Second Sailor. That is what ails him. I have been thinking it this good while.
First Sailor. Do you remember that galley we sank at the time of the full moon?
Second Sailor. I do. We were becalmed the same night, and he sat up there playing that old harp of his until the moon had set.
First Sailor. I was sleeping up there by the bulwark, and when I woke in the sound of the harp a change came over my eyes, and I could see very strange things. The dead were floating upon the sea yet, and it seemed as if the life that went out of every one of them had turned to the shape of a man-headed bird—grey they were, and they rose up of a sudden and called out with voices like our own, and flew away singing to the west. Words like this they were singing: ‘Happiness beyond measure, happiness where the sun dies.’
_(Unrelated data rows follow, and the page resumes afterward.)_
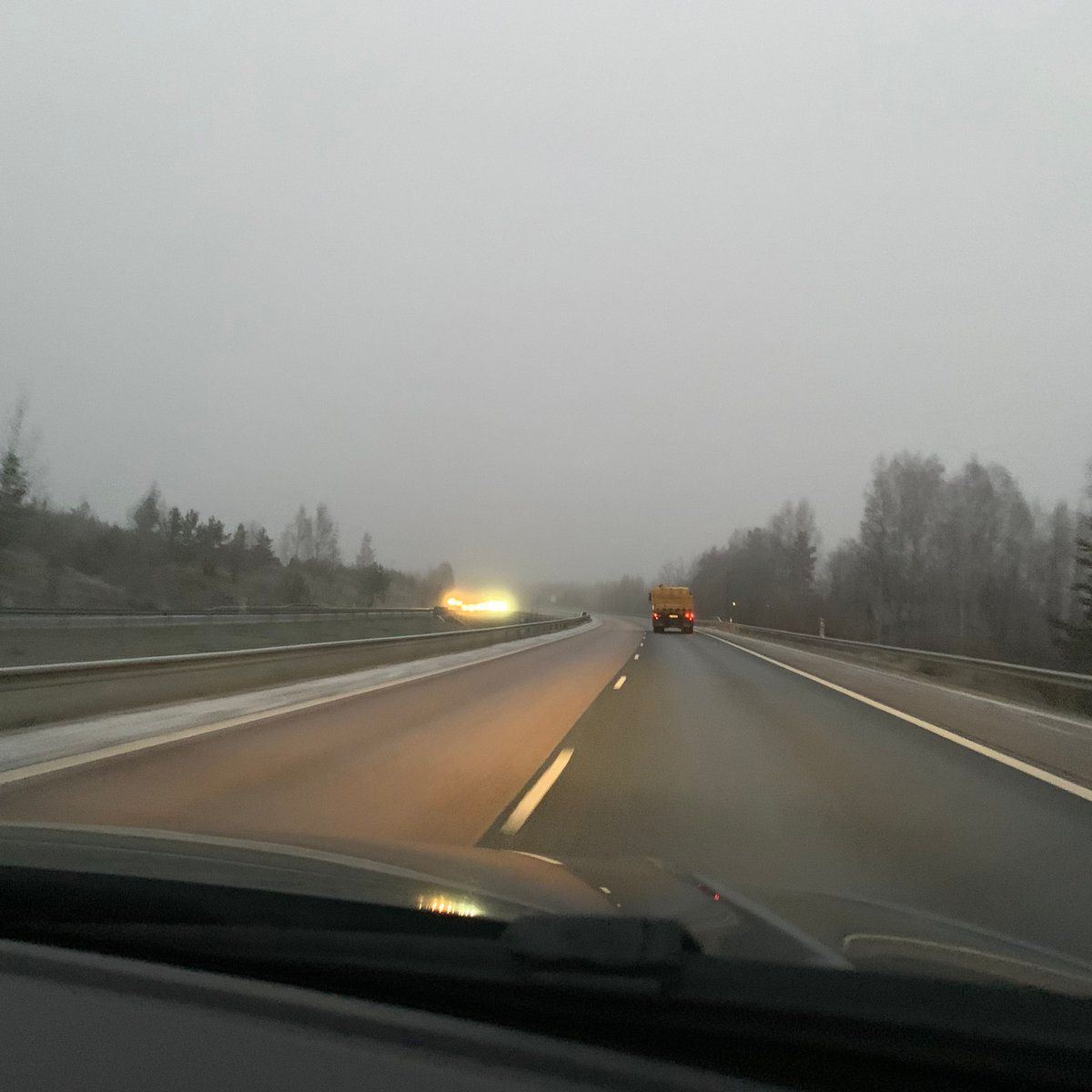 Heading into the gloaming, driving to Jyväskylä for Particle Physics Day hosted by
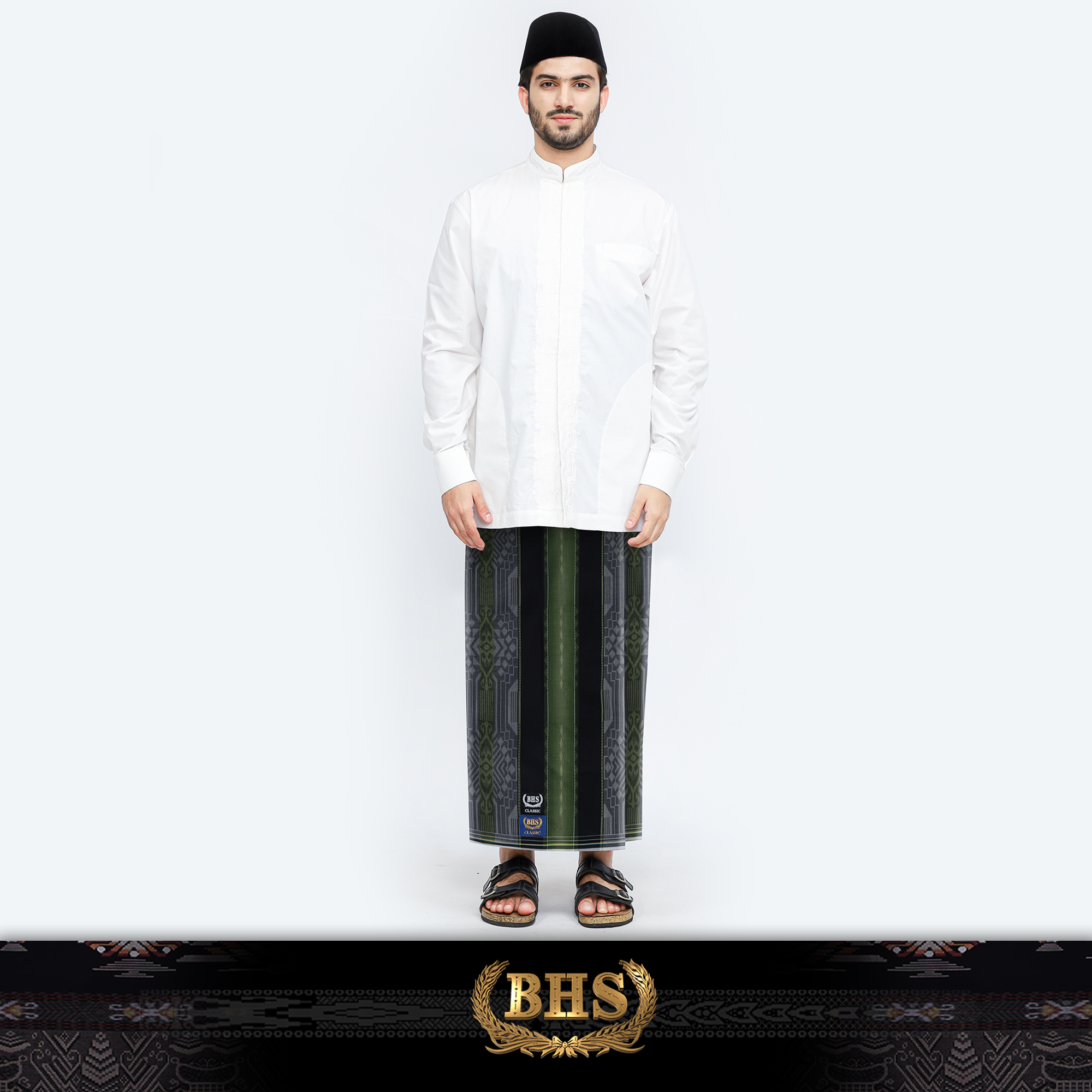 Sarung BHS Classic Gold Motif C44 DGB SJ Hitam Hijau 03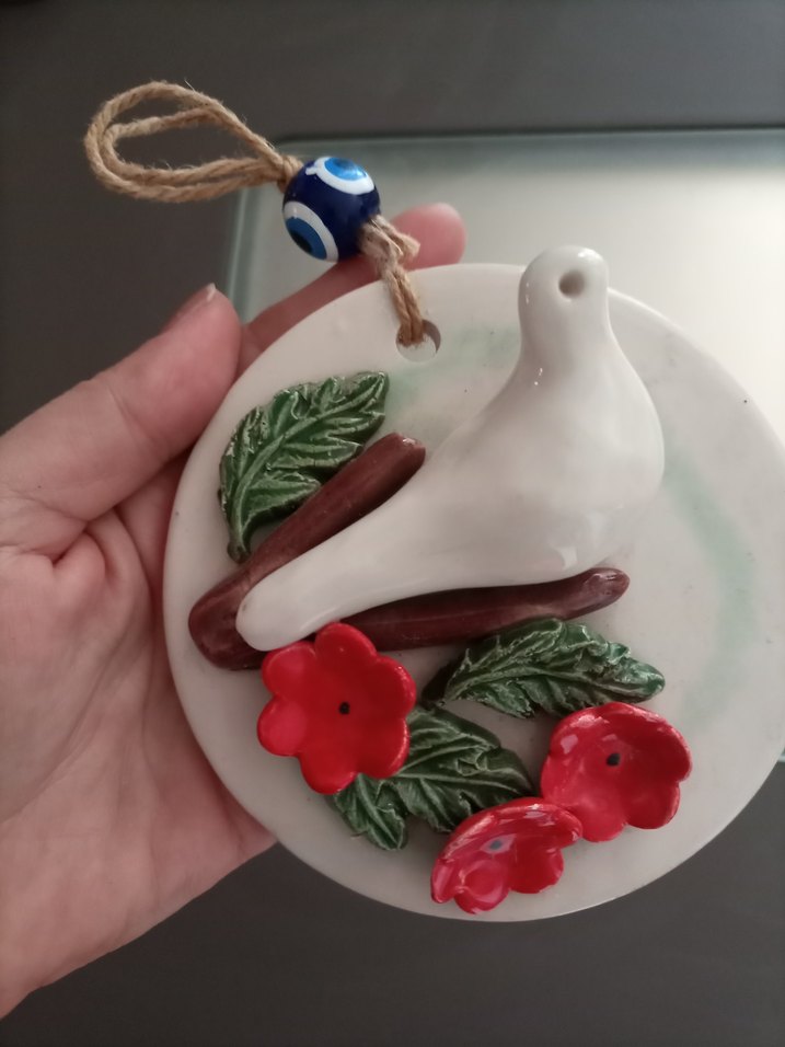 Beyaz kuş, kırmızı çiçekler ve yeşil yapraklardan oluşan seramik süs, ip ve nazar boncuğu ile birlikte.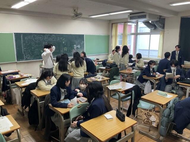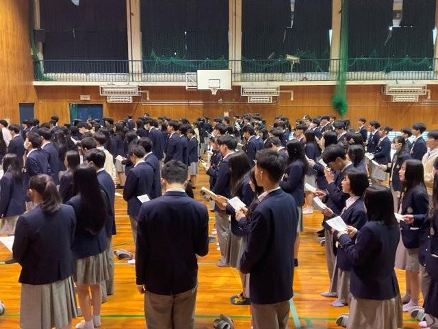 本日は、進路状況の確認や卒業式に関する諸連絡を行った後、体育館にて校歌・式歌の練習を行いました。 また、備蓄用のビスケットや水も各自に配付されました。 すべて終了したあと、各クラス10名が体育館の設営に協力してくれました。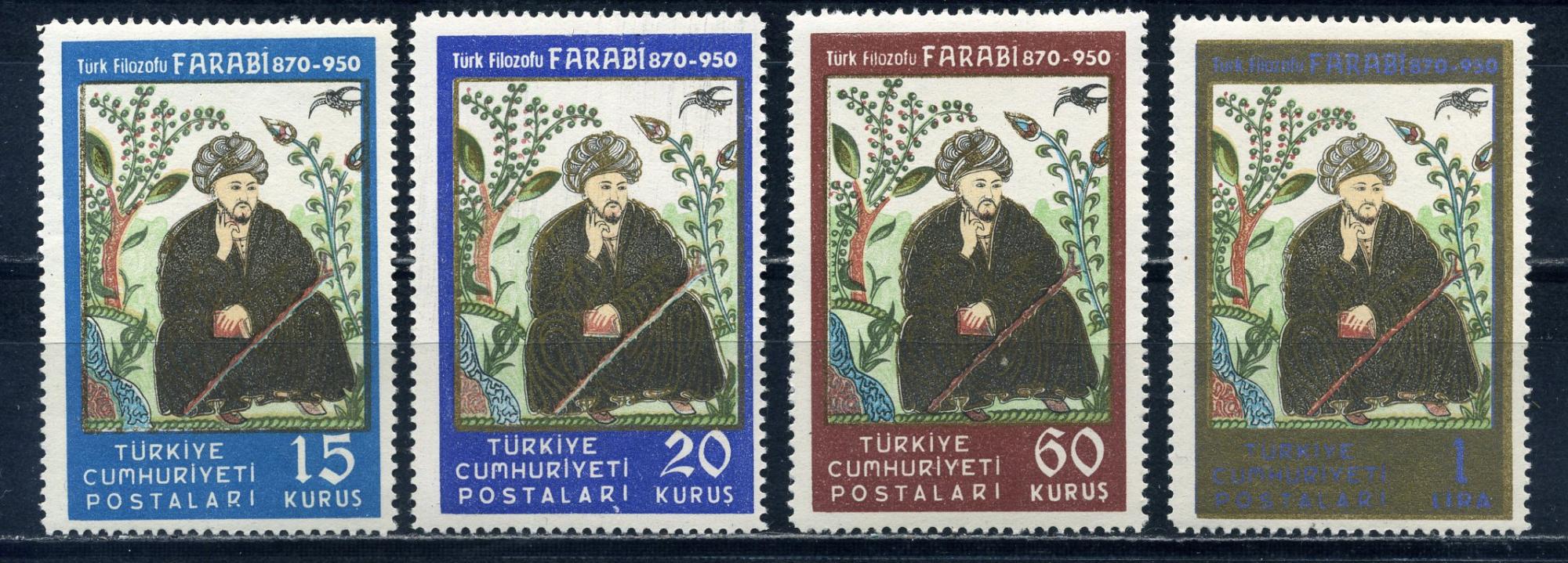 Почтовые марки. Турция. 1950г. Аль-Фараби. №1266-1269 (Mi: 13.00 Евро).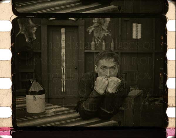 In any case, the color scheme of the Swiss material is stunning and tidily solved the mystery of which colors to use in the restoration. It should be noted that the original American release prints might have had an entirely different tinting scheme but while the surviving nitrate might not have been THE original tinting palette, it is definitely AN original tinting palette and a most attractive one.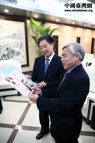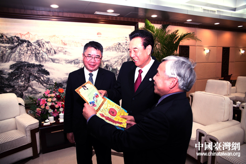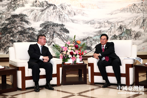 21日下午,海峽兩岸關(guān)系協(xié)會(huì)會(huì)長(zhǎng)陳云林(右)在北京會(huì)見了來京交流的廣東東莞臺(tái)商子弟學(xué)校董事長(zhǎng)葉宏燈(左),及其率領(lǐng)的該校校董、師生與家長(zhǎng)代表。(中國(guó)臺(tái)灣網(wǎng) 于斯文 攝)
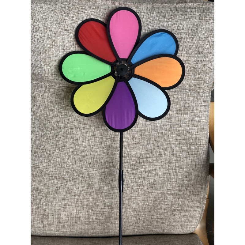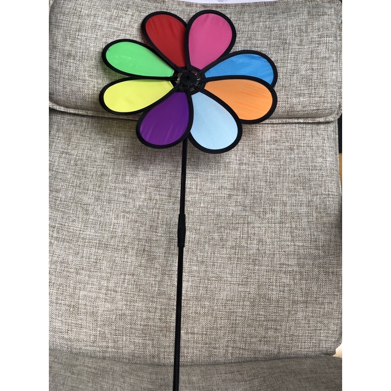 Chong chóng vải 8 cánh nhiều màu đẹp đường kính 30cm, gọng cầm màu đen.Dùng trang trí bên ngoài cửa tiệm tạo sự thu hút, trang trí sân vườn...

Second Sailor. I understand well what they are doing. My mother used to be talking of birds of the sort. They are sent by the lasting watchers to lead men away from this world and its women to some place of shining women that cast no shadow, having lived before the making of the earth. But I have no mind to go following him to that place.
First Sailor. Let us creep up to him and kill him in his sleep.
Second Sailor. I would have made an end of him long ago, but that I was in dread of his harp. It is said that when he plays upon it he has power over all the listeners, with or without the body, seen or unseen, and any man that listens grows to be as mad as himself.
First Sailor. What way can he play it, being in his sleep?
Second Sailor. But who would be our captain then to make out a course from the Bear and the Pole-star, and to bring us back home?